Records for the exercise —
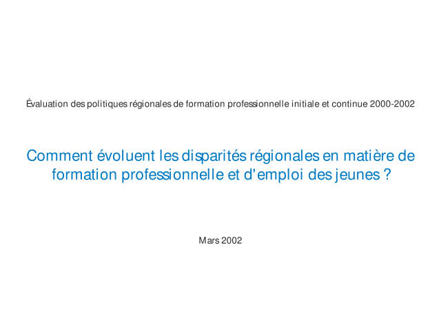 Céline Gasquet, Daniel Martinelli, Patrice Caro, Isabelle Przybylski, Jean Jacques Arrighi. Comment évoluent les disparités régionales en matière de formation professionnelle et d'emploi des jeunes en France ?. 2002, pp.67. ⟨halshs-00840515⟩
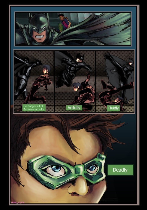 In an alternate universe, Dick Grayson was taken was taken from Haley's Circus by Slade Wilson and raised to be the infamous Renegade, and Damian is making his way as the third Robin.
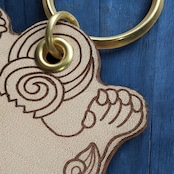オリジナルデザインのチベタンシーサーがレーザー彫刻されたキーリングです。革の表面に描かれたシーサーは、力強さと自由を象徴し、毎日の持ち物に個性をプラスします。使うたびに手に馴染む革の質感をお楽しみいただけます。
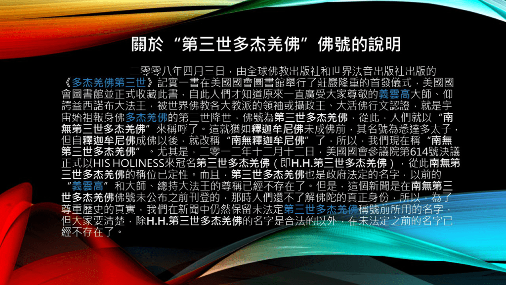 三、 在全世界,义云高大师得到九十二所大学颁予博士学位和教授,其中四所大学授予教授职称。
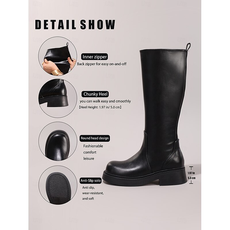 Highlights - Premium leather and faux leather upper materials for a stylish and luxurious look - Comfortable textile lining for all-day wear - Chunky heel for added stability and style - Classic round toe shape for a timeless appeal - Durable rubber outsole for long-lasting wear - Stay on-trend with the 2025 riding boots style.

Task — Return each record exactly as given, excluding any image.

Answer to the exercise —
 Céline Gasquet, Daniel Martinelli, Patrice Caro, Isabelle Przybylski, Jean Jacques Arrighi. Comment évoluent les disparités régionales en matière de formation professionnelle et d'emploi des jeunes en France ?. 2002, pp.67. ⟨halshs-00840515⟩
 In an alternate universe, Dick Grayson was taken was taken from Haley's Circus by Slade Wilson and raised to be the infamous Renegade, and Damian is making his way as the third Robin.
オリジナルデザインのチベタンシーサーがレーザー彫刻されたキーリングです。革の表面に描かれたシーサーは、力強さと自由を象徴し、毎日の持ち物に個性をプラスします。使うたびに手に馴染む革の質感をお楽しみいただけます。
 三、 在全世界,义云高大师得到九十二所大学颁予博士学位和教授,其中四所大学授予教授职称。
 Highlights - Premium leather and faux leather upper materials for a stylish and luxurious look - Comfortable textile lining for all-day wear - Chunky heel for added stability and style - Classic round toe shape for a timeless appeal - Durable rubber outsole for long-lasting wear - Stay on-trend with the 2025 riding boots style.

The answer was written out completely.